4 Female Tech Stars
Women changed the male-dominated tech world long ago. Who do you think brought us Mac's graphic interface, spread-spectrum technology, and COBOL? Excited for the future, we checked in with four tech women who've launched innovative ventures.
Five years ago, running a tech startup would have sounded crazy to Sarah Ware. But after working in sales for LivingSocial and getting a chance to help launch a new initiative, the DC tech entrepreneurial bug bit. Luckily she also had a cool idea: make online content more marketable for publishers by letting readers share sections of an article and give publishers analytics about what was being shared. Markerly also tracks Twitter's role in driving traffic to the news site. Customers haveincluded Zappos, Pando Daily, and EA Sports, and users have climbed to 20 million. Sarah has no tech background, except for her parents insisting she learn how to tell time using a computer game when she was three before getting a coveted Mickey Mouse watch.

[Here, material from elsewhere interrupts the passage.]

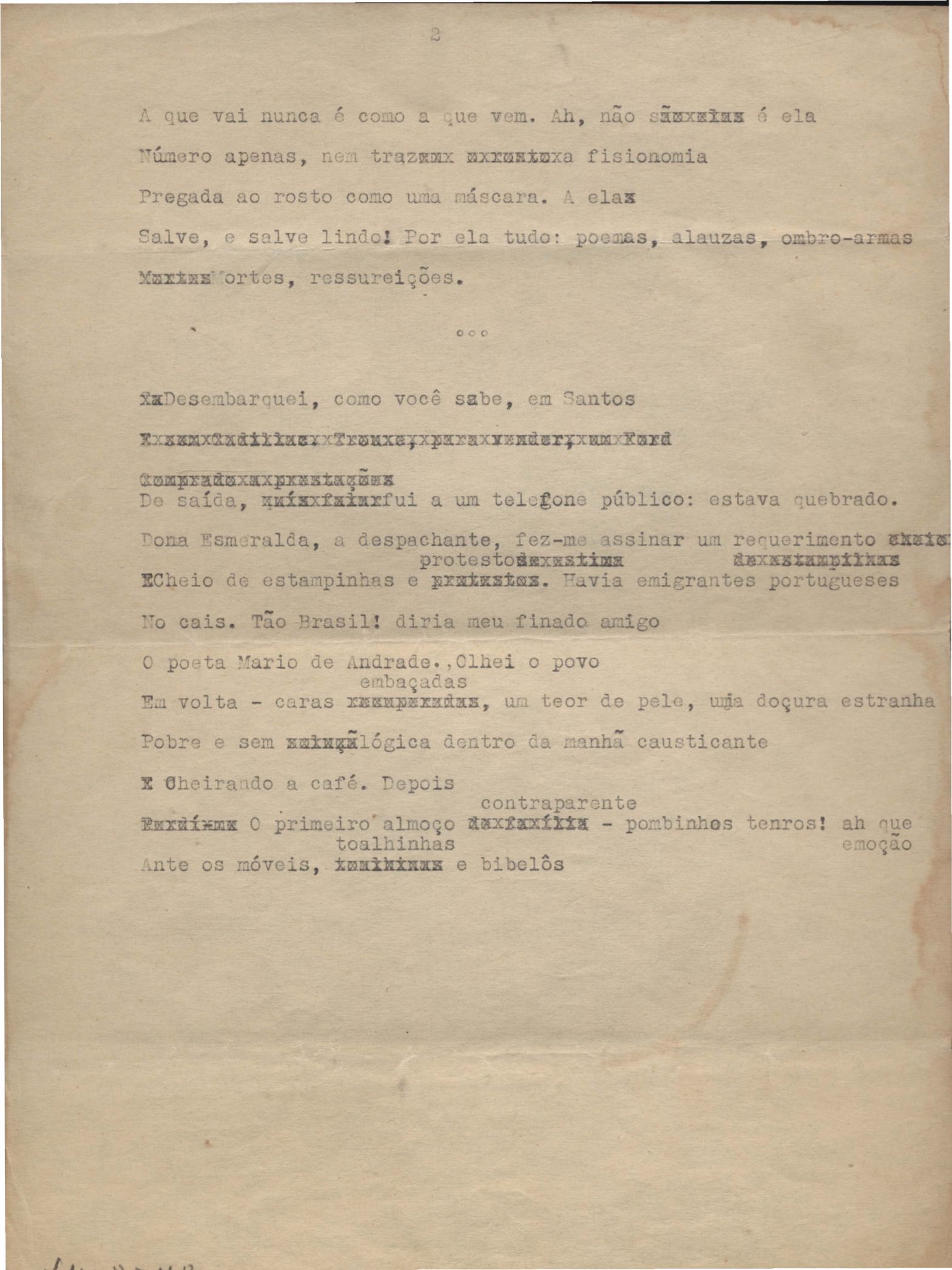 Poemas (231). "A Berlim", "A você, com amor", "Abecedê dos bichos", "Os acadêmicos… das 5 horas", "Acalanto do tirano", "Acontecimento", "Adeus, amigos meus", "Alexandra, a caçadora", "Alexandrinos a Florença", "O alfaiate", "Amor", "Angina pultácea", "O anjo e o túmulo", "Anistia", "Antônia, as flores e os cactos", "Aos de casa", "Aribe", "Áries", "Ave Susana", "Aventuras de Zorinha", "Balada da perna ortopédica", "Balada de Santa Luzia", "Balada do Rei Gê Tule", "Balada dos tecelões", "Balango das debutantes", "Banho", "Beethoven", "Beleza do corpo da amiga", "Bellum omnia contra omnes", "Os bens imóveis", "O bilhar", "Bola", "A cabeça em chamas", "A cabritinha", "Cadenza no poema a Eisenstein", "O caipora", "Canção da alta irrealidade", "Canção da esposa", "Canção do Tinhá", "Canção em lágrimas na morte de Manuel Bandeira", "O candiru", "O cântico das águas", "Cantiga do ausente", "Cantiga X", "Cantiga XI", "Cantiga XIII", "Canto", "Canto V", "Canto VI", "Canto VII", "Canto do deserto", "Canto do desespero", "Canto do soldado desconhecido", "Canto triste", "O caso Sacco e Vanzetti", "Cemitério marinho", "China minha", "Coma alcóolico", "Conhecimento", "Cotidiano nº 2 ou como já dizia o Chico…", "Cromo", "Da fidelidade", "Desafio", "O desespero da caridade", "Desolação", "Dia de Oxalá", "Dobrado de mestre cucas", "Dois sonetos com avião", "Elba, Elbinha, Elbita", "Elegia a Chaplin Calvero Chaplin", "Elegia de Belém do Pará", "Elegia de Paris", "Elegia fúnebre para minha prima", "O eleito", "Eliana", "Em algum lugar", "Em Montevidéu", "Enigma", "Epitalâmio", "Esboço", "Estâncias a minha filha", "Estava triste o pinguim?", "Estudo", "Eu, cá por mim, odeio paradoxos", "Explicando", "Eu nasci marcado pela paixão…", "Exumação de Mário de Andrade", "Fala íntima", "A formiga", "A freirinha", "Frevo do barão", "Fuga e adágio", "Fui andando por um caminho…", "O general", "O haver", "High barbaree", "Himeneu", "Hino da Escola Monteiro Lobato", "História de alma", "O homem do chapéu de coco foi visto andando pelas cercanias", "Os homens da terra", "Idílio", "A infância do poeta", "José", "Lázaro", "Legenda", "A legenda do príncipe poeta", "Little bird", "Little mohee", "Lua do trópico", "Lullaby to Susana", "Madrigal", "Mãe", "O maestro Villa-Lobos fixa-se na eternidade", "O mal de Nava", "Marcha", "Marcha da Guanabara", "Mário", "Marlene", "Medo de amar", "A melhor amiga", "Menino de roça", "O menino no cemitério", "Mensagem a minha amiga Danuza Leão Wainer", "A miragem", "My darling’s Batel", "Modinha de Natal para a bem-amada", "A morte de meu carneirinho", "A morte do pintainho", "A mosca", "O mosquito", "Na esperança de teus olhos", "Não me fales de adeus", "Não te dou perdão", "Nature boy", "Natureza humana", "Noturno de Genebra", "Numa noite de luar", "O que disseram as flores a respeito de uma outra chamada Virgínia", "Ode a maio", "Ode a S. Francisco de Assis", "Ode no octontenário de Manuel Bandeira", "Oferenda", "Otávio", "P(b)a(o)i", "Padre nosso", "O pai", "O passante", "O pastor", "Patético", "Paulinho Garcez", "Pensée de desespoir", "A perdida esperança", "Pescador", "Petite histoire naturelle", "Plagiando o poeta…", "Poema de ano novo", "Poema erótico para Isabel", "O poema errante de 7 de outubro", "Poema feito para chegar aos ouvidos de S. Teresa", "Poema na morte de meu compadre Carlos Echenique", "Poesia de água doce feita com água salgada às dez e meia", "O poeta diz adeus a sua amiga", "A ponte de Van Gogh", "Ponto da aurora nascendo", "Por você", "O pranteado", "O presente", "Pressentimento", "Princípio", "As procelárias", "Quadrinha", "Quando um peixe-espada", "Quase um adeus", "Quem és", "Quem nunca comeu melado", "Quem parte não reparte", "Questões de cinema", "Quiromancia", "Realidade", "Redondilhas pra Tati", "A retirada", "Retrato de Carlos Drummond de Andrade", "Retrato de Maria Lúcia (II)", "Romance da amada e da morte", "Romance da morena", "Romanza de alma", "A rosa", "Os rouxinóis", "O sacrifício do vinho", "Sagitário", "A santa de Sabará", "Santo Antônio", "Saudade de você", "Sinos", "Sob o trópico de câncer", "O soldado", "Soneto", "Soneto a Oxford", "Soneto a quatro mãos", "Soneto ao Caju", "Soneto da desesperança", "Soneto da Ilha", "Soneto da primavera", "Soneto da criação", "Soneto de luz e treva", "Soneto de um casamento", "Soneto do amigo", "Soneto do amor demais", "Soneto do breve momento", "Soneto na morte de José Artur da Frota Moreira", "Soneto sentimental à cidade de São Paulo", "Souvenir", "Stelas…", "A tartaruga da paz", "Tatiografia", "Teorema poético", "Touro", "A transfiguração da montanha", "Trovas", "A última música", "Última primavera", "O último liberto", "Unção", "A vã pergunta", "Valsa suburbana", "Verdade", "Você não é de nada mesmo", "Volta" e "A volta de Lázaro". Anexo: 1. Outras versões manuscritas e datilografadas de "Adeus, amigos meus", "Alexandra, a caçadora", "Alexandrinos a Florença", "O anjo e o túmulo", "Ave Susana", "Aventuras de Zorinha", "Os bens imóveis", "Canção do Tinhá", "Canção em lágrimas na morte de Manuel Bandeira", "Canto triste", "Da fidelidade", "O desespero da caridade", "Dois sonetos com avião", "Elba, Elbinha, Elbita", "Elegia fúnebre para minha prima", "Esboço", "Estâncias a minha filha", "Exumação de Mário de Andrade", "Fala íntima", "Frevo do barão", "O haver", "Os homens da terra", "Mãe", "O menino no cemitério", "A miragem", "A morte do pintainho", "Na esperança de teus olhos", "Ode a São Francisco", "Patético", "Poema de ano novo", "Poema na morte de meu compadre Carlos Echenique", "O poeta aprendiz [homônimo]", "As procelárias", "O que disseram as flores a respeito de uma outra chamada Virgínia", "Quase um adeus", "Retrato de Carlos Drummond de Andrade", "A santa de Sabará", "Sinos", "Sob o Trópico do Câncer", "Soneto a Oxford", "Soneto ao Caju", "So

When Corinna Lathan was a biomedical engineering professor in the '90s, she worked on computer interface tech for kids with disabilities. But trying to commercialize the innovations was a challenge at the university setting. That's when Corinna knew she had to launch Anthrotronix. Nearly 15 years later, her company developed a mobile medical app for DoD to assist in screening for mild brain traumatic brain injuries. The agency is testing it in theater in Afghanistan and other areas but Corinna expects it to have commercial appeal, particularly in sports medicine. The company is also developing mobile surgical simulators for medical training.
At age 5, Melinda Wittstock did cartwheels to earn $100 from friends and neighbors. That early financial savvy paid off: Now she's running NewsiT, a company she founded in 2011 to crowd-source online and mobile content and cut through social noise for accuracy and relevance. The local NBC affiliate in Ft. Wayne, Ind., used it during March Madness to post only tweets from coaches and players. The idea came from Melinda's journalism career, which included stints at the London Times, BBC, and ABC News. She saw how anyone with a smartphone could be a reporter, but accuracy was a problem. She says NewsiT will spend this year wooing media companies, publishers, consumer brand, and advocacy groups.
Alka Dhillon grew up in an entrepreneurial family with a father as a restaurateur. So it follows that, in her 20s, she would launch an IT services and management consulting firm in 2000. She was inspired after working for a competitor and realized she was making $25M a year for her employer. Technalink, a 25-employeegovernment and commercial contractor, is responsible for FAA's agency-wide business process improvement and was recently one of five companies that won a $99M contract with the agency. Alka says the company will triple revenue this year based on that recent win and several others in the pipeline.